Le fabricant de portes et de composantes d'armoires vient d'inaugurer sa deuxième ligne de presse 3D et sa lamineuse à plat. Ces équipements ont été acquis grâce à un investissement de 2,64 millions de dollars.

Ils permettront à ce manufacturier de Nicolet de conquérir de nouveaux marchés auprès des manufacturiers d'armoires de cuisine et des ébénistes, ce qui devrait se traduire par une hausse de 50 % de son chiffre d'affaires d'ici 18 à 24 mois.

«Actuellement, on fabrique environ 1500 portes par jour et notre chiffre d'affaires est de 10 millions de dollars. Avec les nouveaux équipements, on a la capacité d'aller jusqu'à 4000 portes par jour. L'Ontario est le prochain marché à développer et il y a un chiffre d'affaires de cinq millions à aller chercher là», mentionne Guy Lacerte, président de l'entreprise familiale, rencontré hier à la suite d'une conférence de presse tenue dans les locaux de l'entreprise afin de souligner l'arrivée de ces équipements.

Thermoform pense également reprendre une part plus importante du marché américain. Il y a environ cinq ans, 70 % de la production prenait le chemin des États-Unis. La crise économique a fait en sorte que ce pourcentage a fondu comme neige au soleil.

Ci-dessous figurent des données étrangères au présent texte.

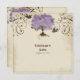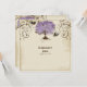 COLOR PALETTE: lavender, lilac and purple, chocolate brown, cream, latte and tan. DESIGN COLLECTION: This is an original graphic design collection created with elegant swirling leaf dot brushes that scroll and flourish the corner of the paper and are the roots, leaves and branches of the tree. It looks like a tree just blossoming out in the spring and early summer. Especially nice for those who love nature and the romantic nature of the outdoors, the tree has a heart in its trunk. There are a pair of vintage love birds that are flying around the tree on the front side. The leaves are a mixture of paint daubs textured with halftone printing pattern and swirling flourishes all through out. The background pattern is an aged, vintage looking texture of cream and tan. Very subtle swirling designs are in the background paper in white and the edges are distressed, aged, and inked in a latte tan border. On the reverse side is larger version of the tree with your monograms in it along with the bride and groom's names and wedding date.
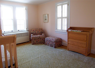 We had to get that chair some love. So we made it the starting point for the nursery. The delicate, “tea-stained” upholstery looks much more vibrant against peach walls. And it was free!
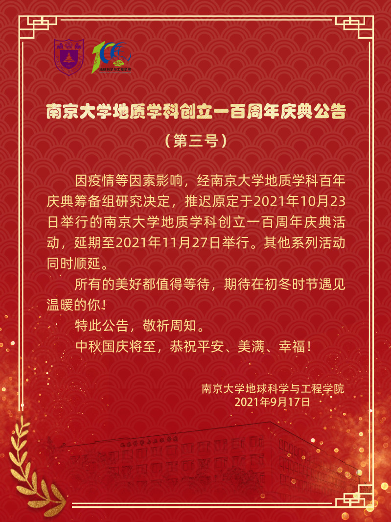 永利304官网唯一地质学科创立一百周年庆典公告(第三号)
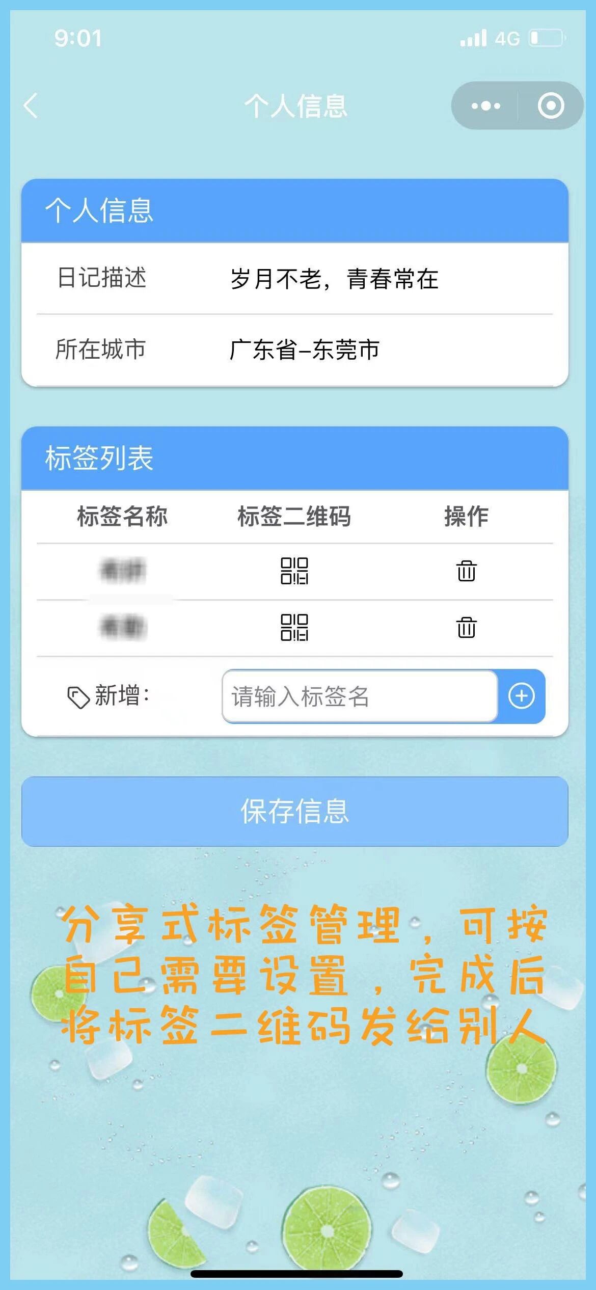 - 自定义标签管理,可共享,共享后可实现多人维护同一日记功能。
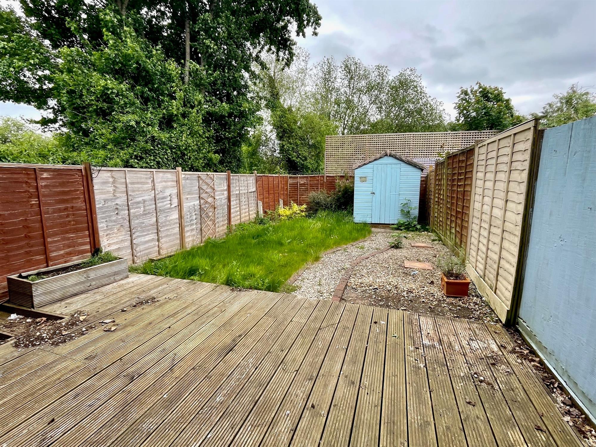 The garden is nicely landscaped, with decking, path and lawn, as well as a garden shed.
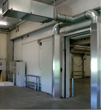 Beim Einsatz einer Luftwandanlage im Tiefkühl- und Kühlraum zur thermischen Trennung können sich die LWT-Module den baulichen Gegebenheiten anpassen. Dieses spezielle Problem einer thermischen Trennung besteht im Bereich von Türen und Toren (TK-Türen), insbesondere bei hohen Temperaturdifferenzen zur Außenluft. Häufiges Problem ist die Vernebelung und Vereisung bei geöffneten TK-Türen. In diesem Fall installiert LWT eine Doppelanlage, in der im Bereich der Öffnung die kalte Luft in bestimmte Luftstrahlwinkel durch eine Luftwandanlage zurückgedrängt wird. Gleiches gilt für die Warmluft auf der Außenseite durch eine weitere Luftwandanlage. Auf der Warmseite empfiehlt es sich, ein vorgekühltes und somit trockeneres Luftmilieu zu schaffen, um die Kondensation so gering wie möglich zu halten. Durch diese Grenzschicht-Spalte“ werden Temperaturverluste zuverlässig vermieden.
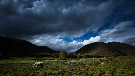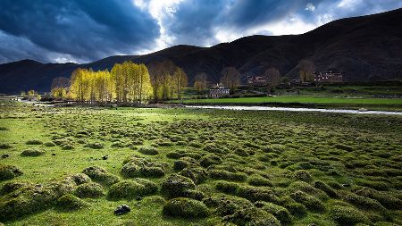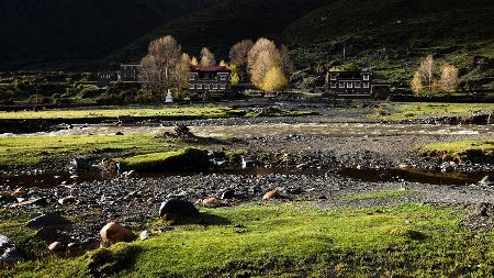湛藍(lán)的天空下,雄鷹在盤旋,牛羊在安詳?shù)芈匠圆?,靜靜的小河在山邊蜿蜒流淌,充滿綠意的白楊樹在風(fēng)中搖曳,藏式民居不時(shí)升起縷縷炊煙,寂靜、空曠的原野深處偶爾會傳來幾聲狗叫高原的陽光又賦予這幅風(fēng)景畫凝重的色彩這樣的畫面叫人心醉,讓人留戀忘返從折多山腳下至新都橋鎮(zhèn),再至塔公草原,處處都是入畫的美景,不愧稱為“攝影家的天堂”。

«Aujourd'hui, le marché américain représente 10 % de nos ventes. Si on vise les 15 millions $ de chiffre d'affaires, c'est en raison du marché de l'Ontario, des États-Unis et aussi de l'arrivée de l'acrylique, un nouveau produit qui sera introduit en mars. Ce produit va s'ajouter au PVC comme finition.»

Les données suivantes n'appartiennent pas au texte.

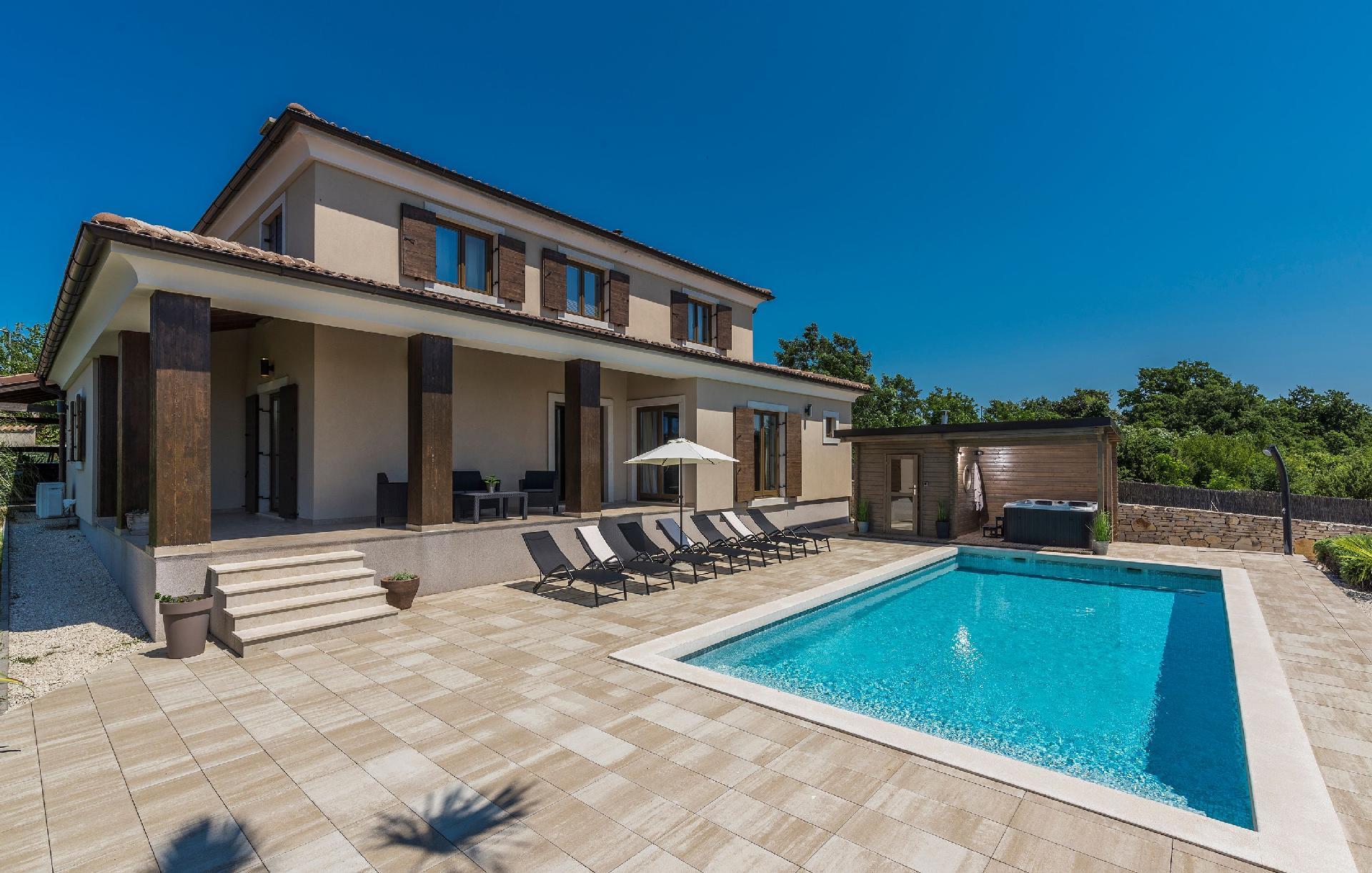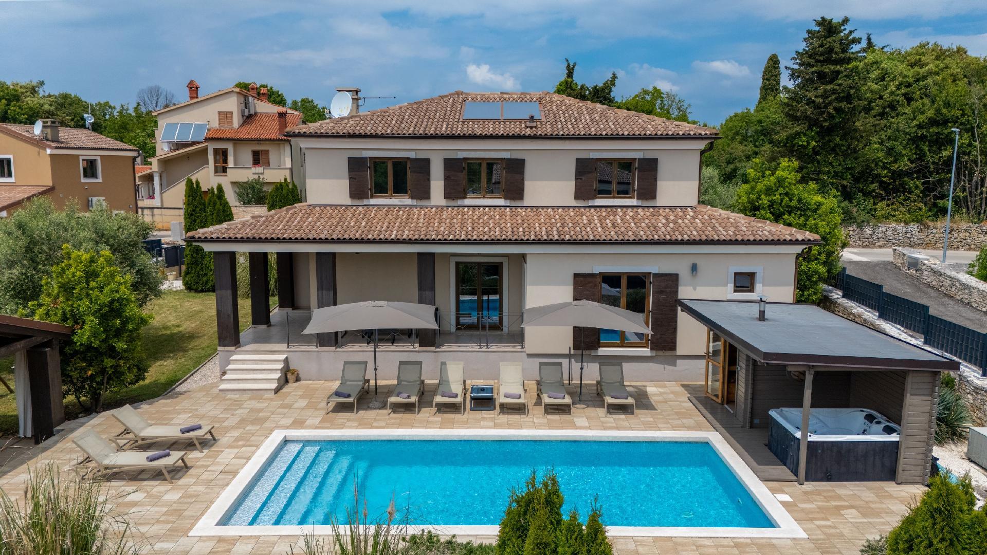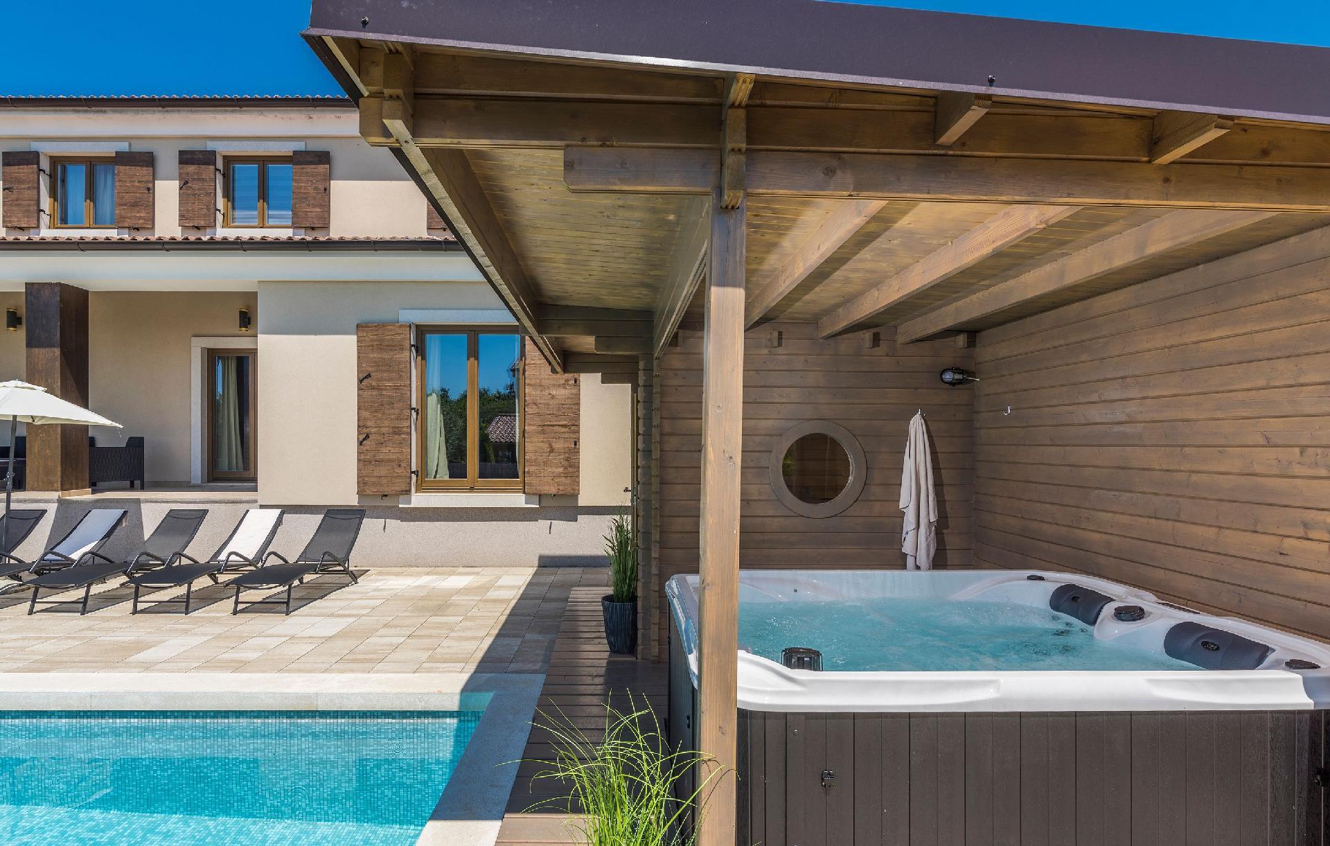 The luxury continues outside the villa. The pool terrace with a "wow effect" offers the ideal place for refreshment and relaxation with warm wooden floorboards and a seamlessly adjoining cool pool. The whole thing is complemented by the fully equipped, covered summer kitchen with barbecue oven and a cosy dining area. Surrounded by a Mediterranean natural stone wall, you can enjoy absolute privacy and an unrivalled ambience.

Le printemps sera aussi l'occasion pour l'entreprise d'utiliser un nouveau matériau, le WPC. Ce composé de bois et de polymère a des vertus qui enchantent Guy Lacerte. Le WPC devrait remplacer graduellement les panneaux de fibres de bois (MDF) actuellement à la base des portes et des composantes d'armoires.

«C'est un matériau vert: il est sans urée-formaldéhyde, il ne brûle pas, il est composé de matière recyclées, il est recyclable, il est imperméable. Notre produit sera parmi les plus verts sur le marché. On a déjà investi 150 000 $ pour des moules. On a un contrat d'exclusivité en Amérique du Nord. D'ici deux ou trois ans, si tout va comme prévu, le MDF sera abandonné.»

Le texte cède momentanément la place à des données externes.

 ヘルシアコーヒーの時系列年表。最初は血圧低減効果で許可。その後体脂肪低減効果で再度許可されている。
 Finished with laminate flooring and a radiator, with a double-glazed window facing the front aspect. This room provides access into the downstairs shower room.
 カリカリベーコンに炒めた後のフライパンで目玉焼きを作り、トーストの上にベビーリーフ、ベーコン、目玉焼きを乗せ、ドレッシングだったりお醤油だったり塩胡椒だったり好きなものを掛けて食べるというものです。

Ce matériau est cependant plus coûteux que le traditionnel MDF. Selon M. Lacerte, le jeu en vaut cependant la chandelle.

«Le matériau brut est 10 % plus cher. Mais en bout de ligne, si on n'a pas de rejet, car tout se récupère, on sauve 50 000 $ par année en frais de conteneurs, de disposition, etc. Sur le coût final, ce sera une hausse de 5 %. C'est là qui est notre questionnement. Est-ce que ça se vendra plus ou ça se vendra moins? Nous, on sent que l'intérêt est là. Des gens nous disent même qu'ils préfèrent attendre un peu pour avoir ça.»

Le président de la compagnie prévoit que l'utilisation de ce nouveau matériau saura séduire non seulement monsieur et madame Tout-le-monde, mais également les institutions publiques. En raison des normes très strictes imposées par les instances gouvernementales, la production de Thermoform pourrait se retrouver dans des bâtisses comme les hôpitaux.

Depuis l'arrivée des nouveaux équipements, Thermoform a embauché 10 personnes et compte maintenant 73 employés. Elle prévoit embaucher cinq travailleurs de plus au fil des prochains mois. Un programmeur est notamment recherché par la compagnie.